Crowe also maintains that summary judgment should have been granted in its favor because the "continuing wrong" doctrine fails to breathe life into Oil Tech's claim against it. This doctrine is used to define "when an act, omission or neglect took place." Havens v. Ritchey, 582 N.E.2d 792, 795 (Ind.1991). It applies where an entire course of conduct combines to produce an injury. Boggs, 730 N.E.2d at 699. In essence, the doctrine of continuing wrong will not prevent the statute of limitations from beginning to run when the plaintiff learns of facts that should lead to the discovery of his cause of action even if his relationship with the tortfeasor continues beyond that point. C & E Corp. v. Ramco Indus., 717 N.E.2d 642, 645 (Ind.Ct.App.1999). In Konkle v. Henson, 672 N.E.2d 450, 458 (Ind.Ct.App. 1996), we determined that it is the combination of an entire course of conduct that produces a continuing wrong. A single act in the sequence does not produce the injury. Id.

Here, there was only a single act of advice-giving by Crowe in the spring of 1993. Although Oil Tech may have followed this advice for several years, Oil Tech has failed to establish the existence of a continuing wrong and its claim must also fail under this theory.

D. Fraudulent Concealment

Crowe also claims that its motion for summary judgment should have been granted because the doctrine of fraudulent concealment does not apply to Oil Tech's claim. "Fraudulent concealment is an equitable doctrine under which a person is estopped from asserting the statute of limitations as a defense if that person, by deception or violation of a duty, has concealed material facts from the plaintiff and thereby prevented discovery of a wrong." Boggs, 730 N.E.2d at 698. To successfully invoke this doctrine, the plaintiffs must establish that the concealment or fraud was of such character as to prevent inquiry, or to elude investigation, *1211 thus preventing the plaintiff from discovering a potential cause of action. Doe v. Shults-Lewis Child of Family Serv., Inc., 718 N.E.2d 738, 747 (Ind.1999).

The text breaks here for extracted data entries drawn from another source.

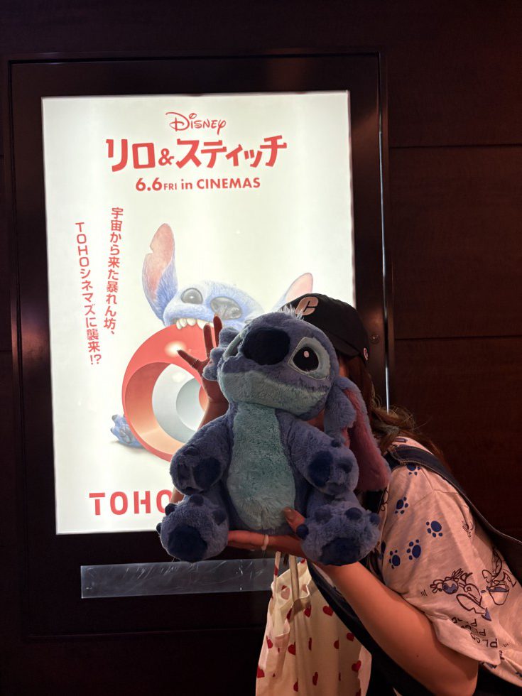 おうちにたくさんスティッチのぬいぐるみがあるのですが、今回は1匹をセレクトして一緒に映画館へ🚙
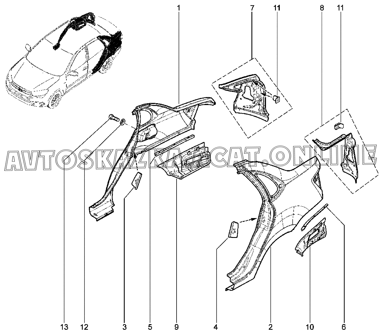 | Название детали: | Крыло заднее правое в сборе |
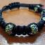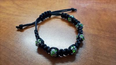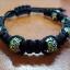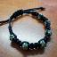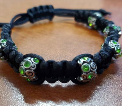 Black bracelet with metal beads and green stones, woven in macrame style.
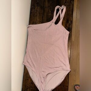Chic mauve ribbed one-piece swimsuit. Ideal for poolside lounging. Sunscreen marks on the inside liner, not visible from the outside, see photos
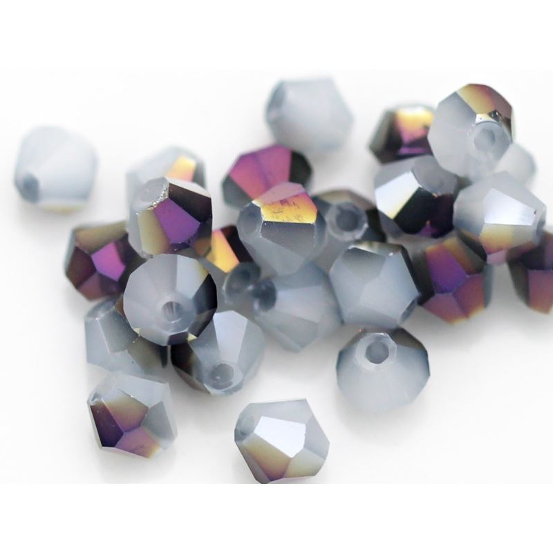 Broušené korálky Sluníčka Bicone 4 mm Čirá + Stříb...
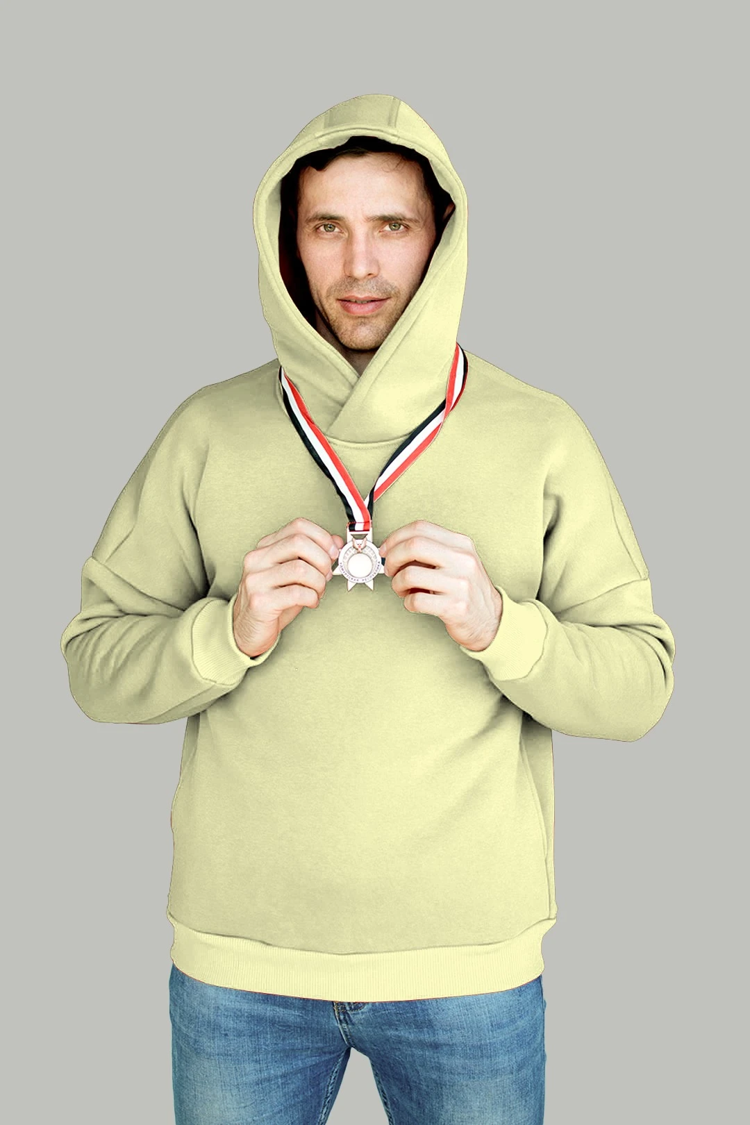 Модель. Худи Кинг прямого силуэта, без молнии. Длинные рукава со спущенной линией плеч. Имеет два кармана в боковом шве. Низ толстовки и рукавов обработаны тканью кашкорсе (специальная тканая резинка) в цвет толстовки. Капюшон пришивной двухслойный.
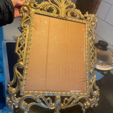 Äldre tavelram ram i guld. Kraftig och gedigen kvalitet i trä! Ramen har profilerad och ornamenterad list med klassiskt utseende. Passar för inramning av konst, fotografier eller spegelglas.

As noted above, Oil Tech did not designate any evidence that would give rise to an inference that Crowe ever concealed any fact from Oil Tech, let alone any material fact that prevented Oil Tech from discovering its alleged cause of action. Moreover, there is no showing that it had access to any particular fact upon which Oil Tech filed its cause of action that might otherwise lead to a finding of constructive concealment. Thus, summary judgment in Crowe's favor may not be defeated on this basis.

CONCLUSION

In light of our disposition of the issues set forth above, we conclude that the statute of limitations set forth in the Accountancy Act bars Oil Tech's claim against Crowe. We further find that Oil Tech has failed to demonstrate that the statute of limitations is unconstitutional. Additionally, we note that the doctrines of constructive fraud, continuing wrong and fraudulent concealment do not toll the statute of limitations in these circumstances.

Judgment reversed and remanded to the trial court with instructions that it grant Crowe's motion for summary judgment and that final judgment be entered in its favor.

SULLIVAN and DARDEN, JJ., concur.

NOTES

[1] Ind.Code § 25-2.1-15-2.

[2] Oral argument was heard in this cause on June 18, 2002.

[3] Although Crowe denies this fact, it is not material and can be assumed as true for purposes of summary judgment.

[4] The statute provides that if a cause of action accrues at least eight years but less than ten years after the initial delivery a plaintiff my sue within two years after the cause of action accrues. Ind.Code § 34-20-3-1(b).